Durant will open his new facility Wedesnday while the Warriors are in Washington, D.C. to play the Wizards.

Golden State small forward Kevin Durant will open "The Durant Center" on Wednesday– a new facility in his hometown of Prince George County, Md. that is aimed at helping low-income and underserved students enroll and graduate from college.

The after-school center will open with an inaugural class of 69 local students, who will be offered various academic, financial and social-emotional resources to aid college and career development. The center was created in partnership with College Track, an organization that uses a 10-year plan to help students from their early teenage years through college graduation by providing tutoring services and funds for college scholarships. 

The nine-time NBA All-Star has pledged $10 million to College Track over the program's first decade. Durant decided to collaborate with the organization after visiting a College Track center in Oakland, Calif. The Durant Center will open as home to College Track's first site on the East Coast.

“It wasn’t so much that he didn’t want to do something in the Bay,” Elissa Salas, College Track’s chief executive said. “But he was looking to really invest really deeply in his home community.”
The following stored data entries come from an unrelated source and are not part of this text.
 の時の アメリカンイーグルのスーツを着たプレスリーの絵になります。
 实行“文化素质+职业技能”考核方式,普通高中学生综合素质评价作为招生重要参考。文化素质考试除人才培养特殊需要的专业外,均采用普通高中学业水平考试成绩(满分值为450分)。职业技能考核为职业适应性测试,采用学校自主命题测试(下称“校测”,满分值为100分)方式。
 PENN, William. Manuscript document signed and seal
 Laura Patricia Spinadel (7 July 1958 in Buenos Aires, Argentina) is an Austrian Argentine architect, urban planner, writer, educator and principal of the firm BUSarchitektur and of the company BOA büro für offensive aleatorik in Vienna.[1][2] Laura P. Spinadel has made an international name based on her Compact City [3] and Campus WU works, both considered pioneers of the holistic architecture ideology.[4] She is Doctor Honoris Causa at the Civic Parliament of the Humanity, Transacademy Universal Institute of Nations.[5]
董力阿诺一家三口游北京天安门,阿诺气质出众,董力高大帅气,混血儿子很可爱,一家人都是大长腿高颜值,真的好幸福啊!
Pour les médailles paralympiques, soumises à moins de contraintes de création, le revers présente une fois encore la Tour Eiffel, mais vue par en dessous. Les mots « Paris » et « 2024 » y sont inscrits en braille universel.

The center will officially open on Wednesday, while the Warriors (33–14) are in Durant's native Washington, D.C. for Thursday's game against the Wizards. 
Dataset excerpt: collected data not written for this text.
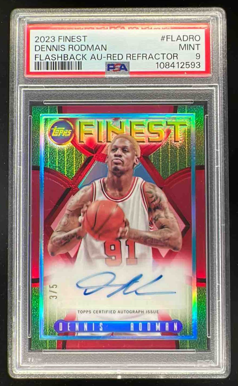 2023-24 Topps Finest Flashback Red Refractors Dennis Rodman Auto /5 PSA 9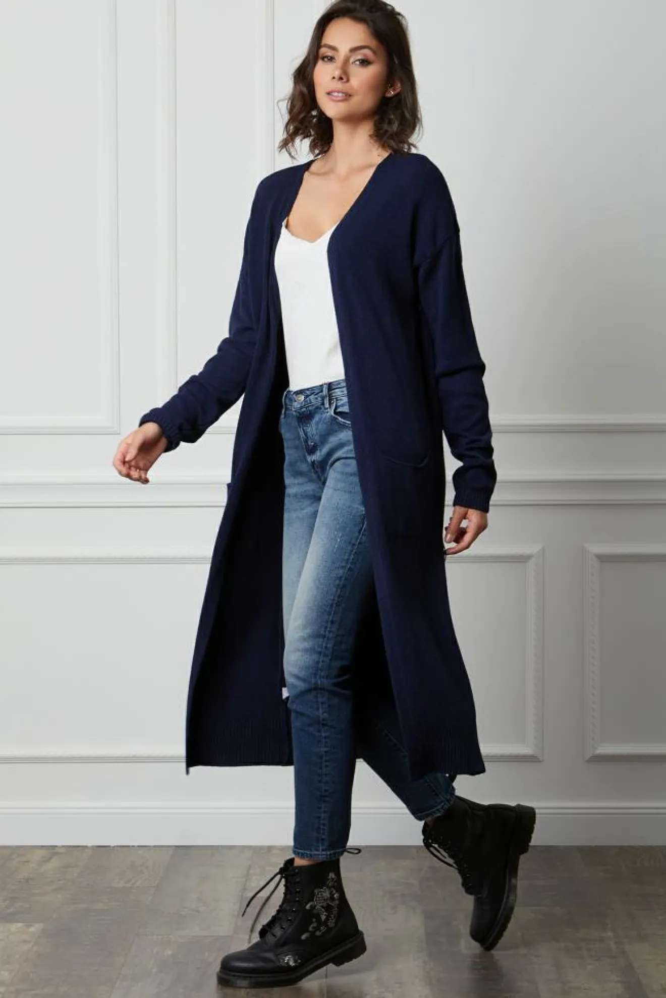 Femme Fleur de cachemire Gilet Mali Marine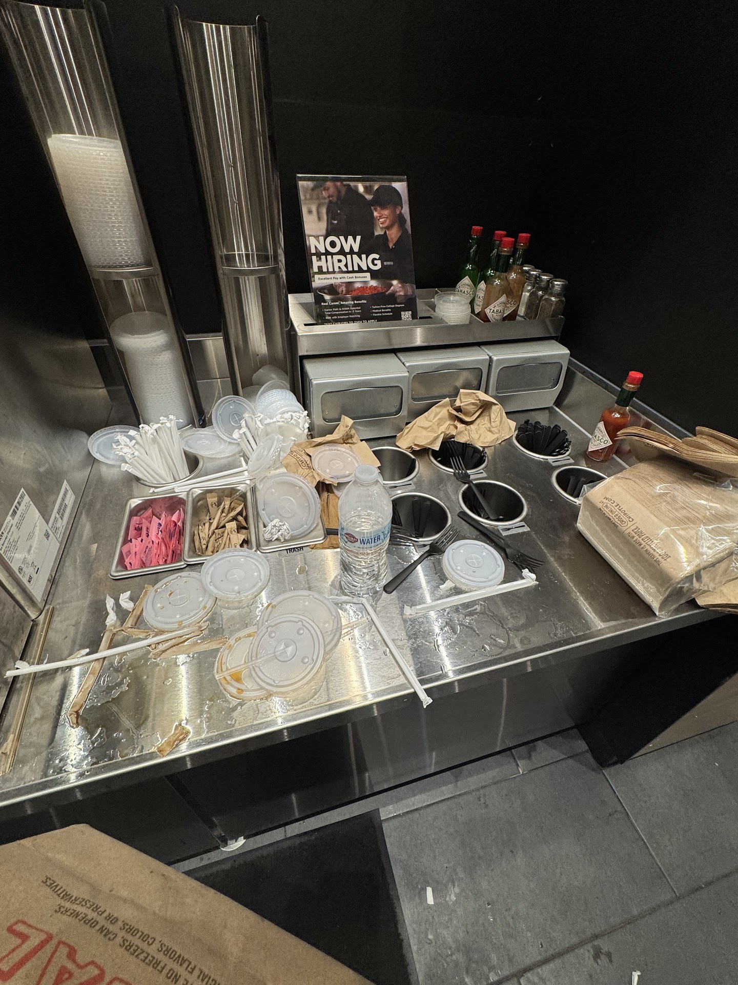 Read moreIs this place in the running for worst Chipotle in the country? Corporate needs to get this location together. 3 times, no pickup order online is available. One of the times, I go to the location and told "we are closed come back in an hour". No explanation. Worst of it all, completely dirty EVERYTIME I've been in there. Garbage all over the tables and floor, never ice in the machine. You dont have someone who does simple clean up of the place? I dont remember last time I've been into any food related restraunt in the last 10 years that looked like this place. Someone please see these reviews and get whoever is running this place...

"The full circle stuff that you dream about,” Durant told the Washington Post. “So many people that meant so much to me at that time, and to see my name on the building. Hopefully that inspires kids in the area."

The education center that now bears his name isn't Durant's only hometown investment. The 30-year-old superstar has also donated nearly $60,000 for new basketball courts as Seat Pleasant Rec Center, where he learned to play basketball as a child.

Between his coaches and Taras Brown, who oversaw the Rec Center during Durant's childhood, the two-time NBA Champion had people to look up to and learn from. Durant said giving that to other low-income children from his area was his goal in creating the center and investing in new courts.

"At an early age, I started to realize how much this [basketball] will alter and change my life,” Durant told the Mercury News. “I had so many people that made sure I was focused, determined and disciplined with the task at hand. I wanted other kids to have the same type of every-day discipline.”